I think I would accept either a way to make it work, or a clear explanation of how spec
or pivoting in general works that explains why this is not possible. From the pivoting vignette I think I understand that:
.name
contains unique column names from the input table when pivoting longer.value
contains new column names that you want to have in the output when pivoting longerHowever, I do not know what the additional columns in spec
mean or when they are needed.

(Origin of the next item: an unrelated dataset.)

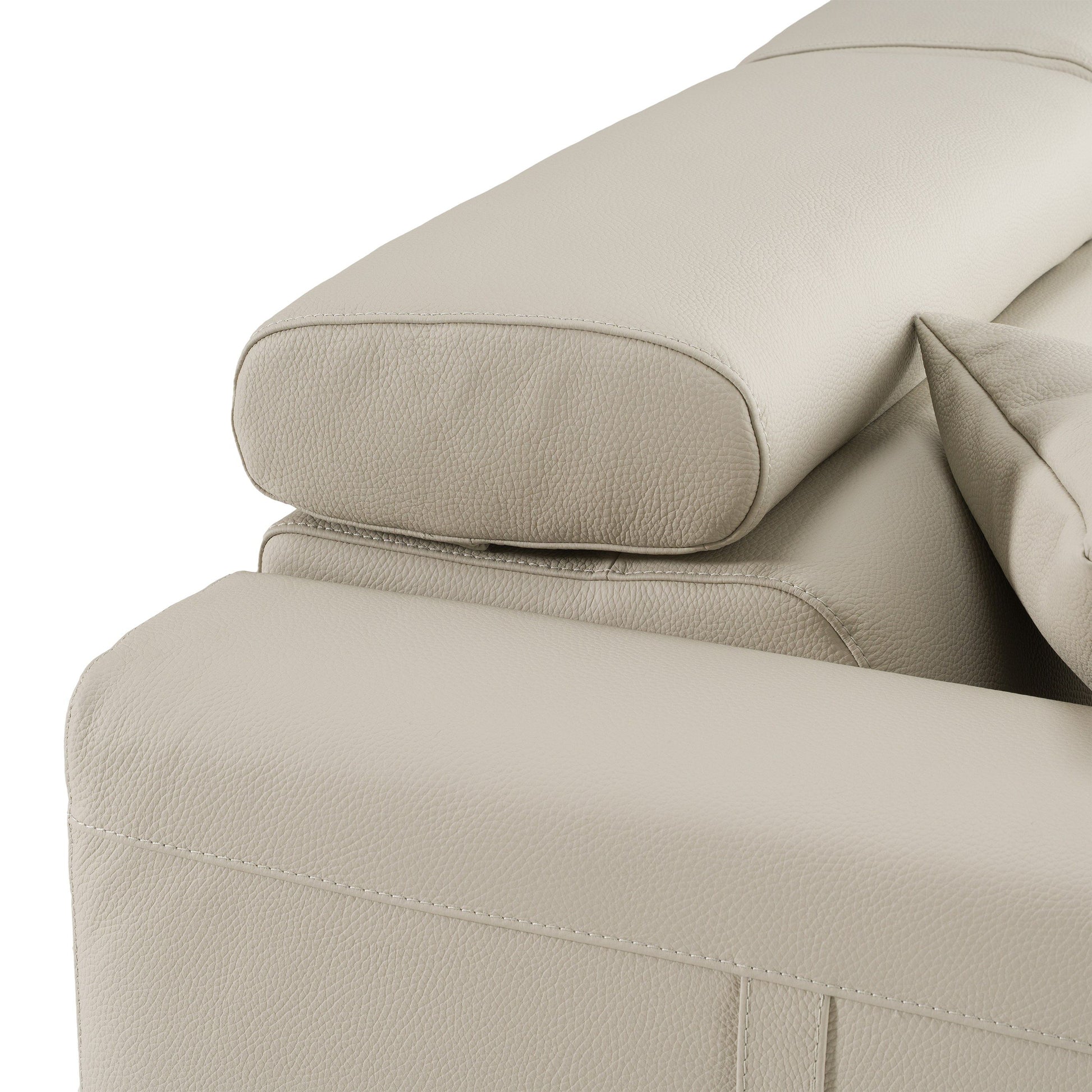 The Dalton Sofa features a threeβseat layout upholstered in light grey leather, offering a consistent and smooth surface suitable for living spaces. Two of the seats include manual or powerβassisted reclining functions, depending on the model specifications, providing adjustable seating positions. The frame is constructed with standard sofa support materials to maintain stability during everyday use. Its straightforward profile integrates easily into a range of interior arrangements without relying on decorative or subjective claims.
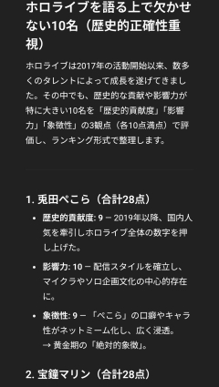 引用元: 308: Vtuberまとめ2025/10/10(金) 09:20:04.46 「ホロライブを語る上で欠かせない10名(歴史的正確性重視)」 Hololive Key MembersA conversational AI system that listens, learns, and challengeschatgpt.com さくらみこ→「派閥形成に大きく貢献」 ワロタ 312: Vtuberまとめ2025/10/10(金) 09:20:22.92 >>308 これほんと草 326: Vtuberまとめ2025/10/10(金) 09:22:10.82 >>308 こう見るとやっぱホロを作ったのはぺこマリココよなぺこら→ゲーム実況の先駆者。RPGで同接5万出した最初のVtuber マリン→企画で伸びた最初のVtuber。事故紹介card背信で同接5万 ココ→海外リスナーを持ってきてホロを拡大した最大の功労者 327: Vtuberまとめ2025/10/10(金) 09:22:15.10 >>308 がんばってAIを調教してそうなるように仕向けたんだねw 無駄な努力ご苦労さま AIの発言を誘導できるのはGPT使ってるやつならわかるだろ 337: Vtuberまとめ2025/10/10(金) 09:22:53.74 >>308 あ 338: Vtuberまとめ2025/10/10(金) 09:23:00.45 >>326 5年前にドラクエで同接5万はやっぱ凄いわ その頃RPGで同接5万出すやつなんか加藤純一ぐらいだったからな 347: Vtuberまとめ2025/10/10(金) 09:23:31.77 >>326 それを全て無に返す炎上 348: Vtuberまとめ2025/10/10(金) 09:23:32.78 >>326 スバルもかなたもぺこらのスタイル真似したからね 言わずもがなさくらみこもな 357: Vtuberまとめ2025/10/10(金) 09:24:04.53 >>348 真似したのどんなスタイル? 379: Vtuberまとめ2025/10/10(金) 09:25:27.69 >>326 あくあも功労者だろ 396: Vtuberまとめ2025/10/10(金) 09:26:39.25 >>326 改造ROM事件全て失ったぺっさん・・・ 462: Vtuberまとめ2025/10/10(金) 09:30:42.90 >>308 ブハハハハハハハハハハwwwwwwwwwブハーッハハハハハハハwwwwwwwww…

I hoped that my spec
would understand that "before"
values of period
should go into a column named before
, but apparently it doesn't work like that.
library(tidyverse) # tidyr 0.8.99.9000
tbl <- tibble(
obsv_unit = rep(1:2, each = 4),
treatment = rep(c("A", "B"), each = 2, times = 2),
period = rep(c("before", "after"), times = 4),
measure1 = 1:8,
measure2 = 11:18
)
tbl
#> # A tibble: 8 x 5
#> obsv_unit treatment period measure1 measure2
#> <int> <chr> <chr> <int> <int>
#> 1 1 A before 1 11
#> 2 1 A after 2 12
#> 3 1 B before 3 13
#> 4 1 B after 4 14
#> 5 2 A before 5 15
#> 6 2 A after 6 16
#> 7 2 B before 7 17
#> 8 2 B after 8 18
tbl %>%
gather("measure", "value", starts_with("measure")) %>%
spread(period, value)
#> # A tibble: 8 x 5
#> obsv_unit treatment measure after before
#> <int> <chr> <chr> <int> <int>
#> 1 1 A measure1 2 1
#> 2 1 A measure2 12 11
#> 3 1 B measure1 4 3
#> 4 1 B measure2 14 13
#> 5 2 A measure1 6 5
#> 6 2 A measure2 16 15
#> 7 2 B measure1 8 7
#> 8 2 B measure2 18 17
spec <- tibble(
`.name` = c("measure1", "measure2", "measure1", "measure2"),
`.value` = c("before", "before", "after", "after"),
period = c("before", "before", "after", "after")
)
tbl %>% pivot_wider(spec = spec)
#> Expected a vector, not NULL
tbl %>% pivot_longer(spec = spec)
#> Failed to create output due to bad names.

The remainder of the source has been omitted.